Unemployment benefits are typically handled at a state level in the United States; each state has its own regulations regarding length and amount of benefit eligibility. Acknowledging the tremendous burden placed on the states following the financial crisis, the US federal government created the emergency unemployment compensation program to extend benefits for qualified workers beyond the limits of state programs. Generally, workers are not eligible for emergency unemployment compensation until they have exhausted their state benefits.

The emergency unemployment compensation program is divided into four main segments, known as Tiers 1-4. Only the first two tiers cover all states, while the third and fourth tiers provide additional relief for states where the unemployment rate is extremely high.
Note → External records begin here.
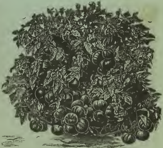
Dwarf Champion Tomato.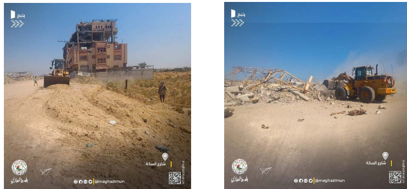
Works of al-Maghazi municipality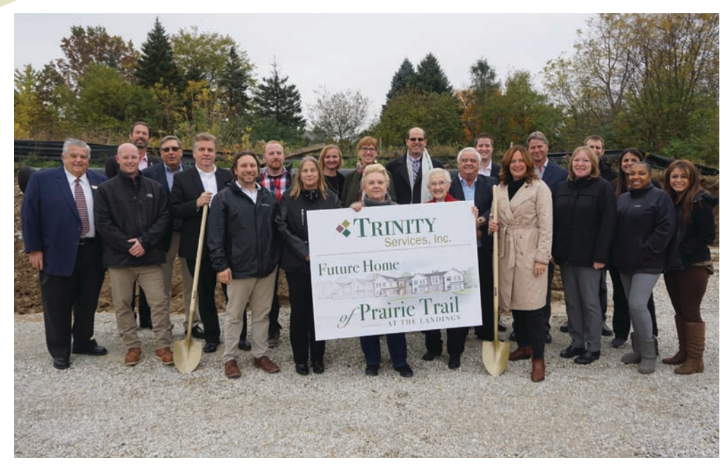
Trinity Park Vista is a 16-unit permanent supportive housing development in which Trinity Services staff members provide support to up to 19 people in Northlake, Illinois.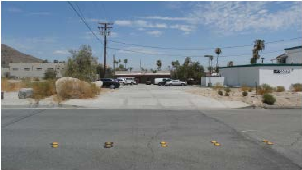
Looking north driveway that runs across subject property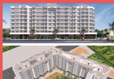
2 BHK Flats & Apartments For Sale In Palghar West, Palghar (890 Sq.ft.)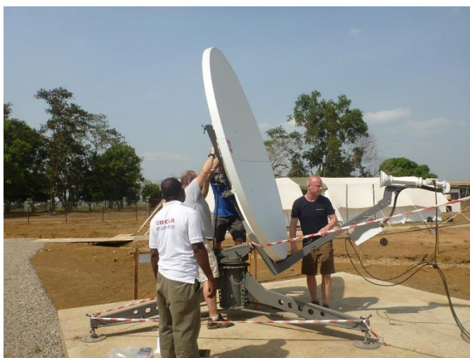
ETC team upgrading the VSAT in Port Loko, Sierra Leone.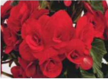
Baladin Barkos Type

Unemployed workers typically need to fill out an application and meet certain requirements to qualify for Tier 1 benefits, but all other tiers may be automatically applied.


In Tier 1, which is available in all states, workers can receive up to 20 weeks of emergency unemployment compensation. Tier 2 adds an additional 14 weeks, Tier 3 adds 13 more weeks, and Tier 4 provides a final six weeks of coverage. In states that have access to all four levels of the program, a maximum of 53 total weeks of coverage is allowed. Workers do not have to claim benefits every week to remain in the program, so the 53 weeks can be stretched over a longer period if necessary.

Although the package was approved in 2008, it has a “reach back” effect, meaning that it can be used by those who have been out of work since May 2006. In order to qualify, a person must have exhausted all state benefits and cannot qualify for any other form of Federal unemployment. To remain qualified, a person must be able to prove that he or she has applied to at least three jobs, spoken to three potential employers, or completed a combination of these components, every week. Qualifying union members may be able to count their membership as one of the three weekly job search requirements.